The Trade Union Congress of Nigeria (TUC) has urged the Federal Government to use excess crude oil revenue to subsidise local refineries, including the Dangote Refinery, to mitigate rising fuel prices. TUC president Festus Magee warned that without intervention, petrol could reach N2,000 per litre. The union called for urgent measures to stabilise fuel supply, citing the removal of petrol subsidies in 2023 as a key driver of inflation and economic strain. Magee said supporting domestic refining capacity would reduce reliance on imported refined petroleum products. The appeal comes amid growing public concern over fuel scarcity and fluctuating pump prices across major cities.

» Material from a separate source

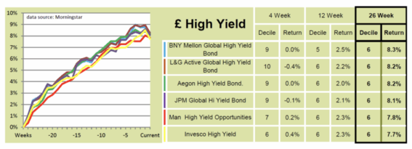Our analysis last week showed that while the leading funds in the £ High Yield sector have delivered gains of more than 8% over six months, their progress has flattened or reversed in recent weeks.

TUC also demanded that the government address insecurity in the Niger Delta, which has disrupted oil production and logistics. The union stressed the need for long-term energy policies that prioritise local refining and job creation.
Festus Magee's warning that fuel could hit N2,000 per litre is not alarmism—it is a projection grounded in the current dysfunction of Nigeria's downstream sector. While the TUC points to the Dangote Refinery as a potential anchor, the real issue is the government's continued hesitation to structurally support domestic refining beyond rhetoric.
The call to use excess crude revenue to subsidise refineries exposes a deeper contradiction: Nigeria earns billions from crude exports but remains hostage to imported petrol. Despite the Dangote Refinery's commissioning, its full impact is limited by inconsistent government policy and lack of off-take agreements. The Niger Delta's insecurity, which TUC flagged, further reveals how regional instability directly undermines national energy security and pricing.
Ordinary Nigerians, especially low-income commuters and small-scale transporters, bear the brunt of every price ripple. Without stable local refining, fuel costs will keep feeding inflation, eroding wages and deepening poverty.
This is not an isolated plea. It reflects a decade-long pattern of reactive fuel policies, where unions and citizens absorb the shock of unfinished energy reforms.